The problem is not effort. The problem is that most church growth advice is written for churches with full-time staff, significant budgets, and urban demographics. It does not translate to a church of 65 people in a rural community.
Here is what actually produces growth in small and rural churches.
Redefine Growth
Before you talk strategy, a mindset shift: growth is a byproduct of faithfulness, not the goal.
A small church that is deeply rooted in its community, faithfully making disciples, and genuinely caring for its people is fulfilling its calling. Growth in numbers tends to follow faithfulness over time. Chasing growth as an end in itself produces shallow, unsustainable results.
This does not mean growth does not matter. It means that pursuing faithfulness produces the conditions in which genuine growth can occur.
What Does Not Work
Save yourself time and money by avoiding these approaches that consistently fail in small church contexts.
- Copying large church programs. What works for a church of 2,000 rarely translates to a church of 65. The contexts are too different.
- Advertising campaigns. Rural people are skeptical of slick marketing. Relationships matter more than ads.
- Chasing trends. A small church that reinvents itself every two years to chase the latest ministry trend will exhaust its volunteers and confuse its congregation.
- Neglecting retention. Most small churches lose as many people as they gain. A church that focuses only on attracting new people without retaining them will never grow.
What Actually Works
1. Genuine community.
People stay in churches where they are known and loved. The small church’s greatest competitive advantage is its capacity for genuine community, the kind of belonging that a large church often cannot provide.
Invest in small groups, Sunday school classes, and informal fellowship. Create opportunities for people to know each other beyond Sunday morning. A person who has a genuine friend in the church is significantly more likely to stay.

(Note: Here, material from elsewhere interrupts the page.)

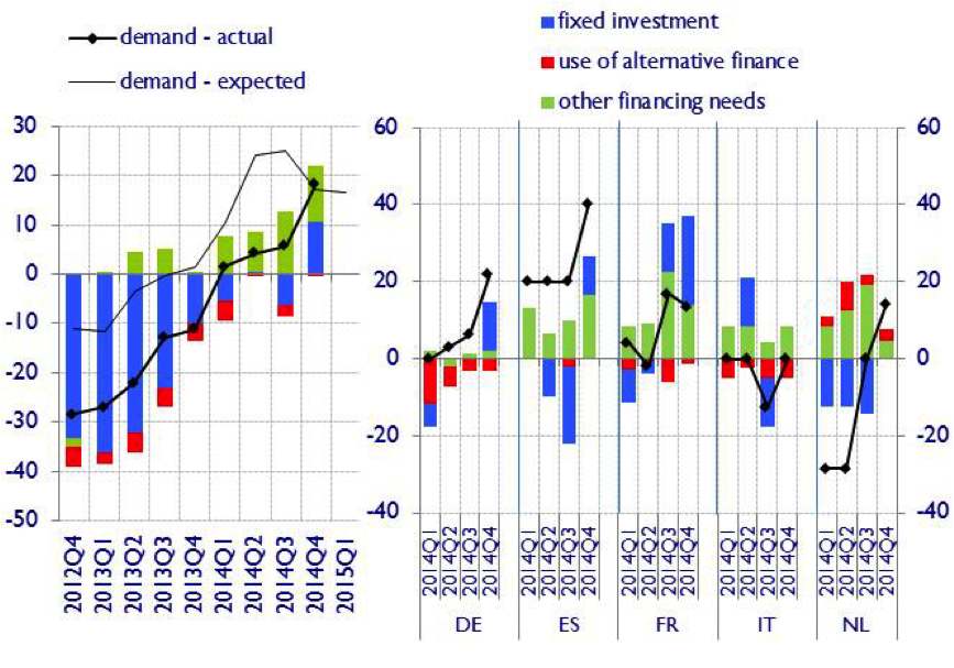 But the broader data from the ECB’s report also suggest that things have turned. Both broad and narrow measures of the money supply have turned up, and the ECB’s Bank Lending Survey released last week showed that not only are banks more willing to lend–businesses are starting to look a lot more willing to invest.

2. Pastoral presence in the community.
The pastor who is known in the community, who eats at the local diner, attends community events, and is genuinely invested in the town, is doing outreach without a program. In a small town, the pastor’s presence in the community is one of the most effective growth strategies available.

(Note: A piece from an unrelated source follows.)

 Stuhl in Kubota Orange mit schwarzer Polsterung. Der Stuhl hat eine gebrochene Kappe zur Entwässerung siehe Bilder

3. Intentional visitor follow-up.
Most small churches are friendly to visitors on Sunday morning and then never contact them again. A simple follow-up system, a personal contact within 48 hours, an invitation to something smaller than Sunday service, a check-in at 30 days, dramatically improves visitor retention.
4. Faithful pastoral care.
People stay in churches where they feel cared for. Consistent pastoral care, hospital visits, homebound visits, crisis response, personal follow-up, communicates that the church is not just a Sunday morning event but a community that shows up.

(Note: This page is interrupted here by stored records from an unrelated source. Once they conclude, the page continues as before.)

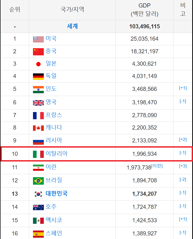 2. 실제로 GDP규모도 1조 9,969억 달러로 세계 10위 수준으로 한국보다 높음.
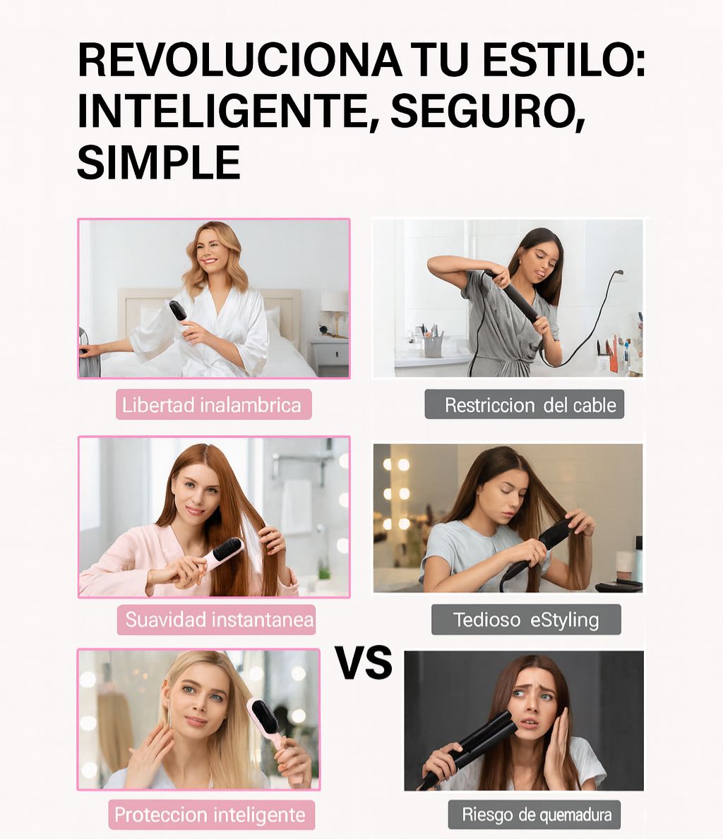 El Cepillo alisador de pelo inalámbrico llegó para revolucionar tu rutina: alisa tu cabello en 1 minuto, sin cables y sin dañar tu melena.
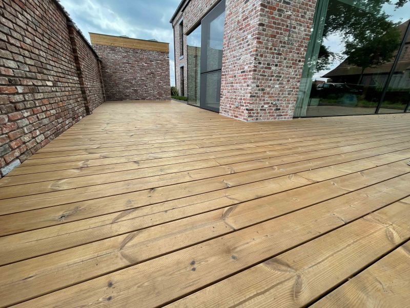 Door de thermische behandeling van het dennenhout wordt voor de thermowood terrasplanken eenzelfde duurzaamheid verkregen als tropisch hardhout (klasse 1). De planken zijn voor deze duurzaamheid dus zeer betaalbaar en kan u dus relatief goedkoop een prachtig terras aanleggen in thermowood! Je mag door deze kwaliteit en duurzaamheid tientallen jaren lang rekenen op een onderhoudsvrij terras. Voor deze terrasplanken in thermowood wordt enkel de beste kwaliteit binnen het dennenhout geselecteerd. Breedte: 18.5 cm Vaste lengte: 360 cm Dikte: 2.6 cm Deze thermowood planken hebben een vlakke bovenzijde met enkel heel fijne groefjes Fixatie kan enkel met vijzen of met zijwaartse clips voor onzichtbare fixatie Prijs per m² is inclusief 0.75 cm spatie tussen de planken.
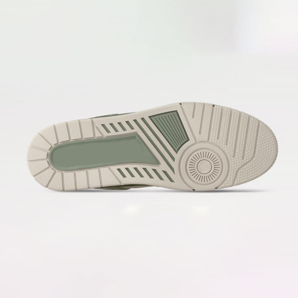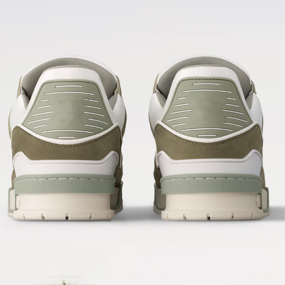 This version of the Trainer sneaker combines nubuck and grained calf leather in a smart, two-tone color palette that highlights its elaborately constructed upper. This iconic model was originally designed by Virgil Abloh and bears his script signature on the side. Inspired by vintage basketball sneakers, it comes on a technical outsole in two-tone rubber.

5. A clear, outward-focused vision.
People do not join churches. They join missions. A small church with a clear, compelling vision for what it is trying to accomplish in its community will attract and retain people far more effectively than a church that simply exists.
The Long Game
Small church growth is slow. A church that grows from 65 to 90 people over five years has accomplished something significant. Do not measure yourself against megachurch metrics.
The churches that grow most consistently in small and rural contexts are those with long-tenured pastors, genuine community, faithful outreach, and a clear sense of mission. None of those things happen quickly. All of them are worth pursuing.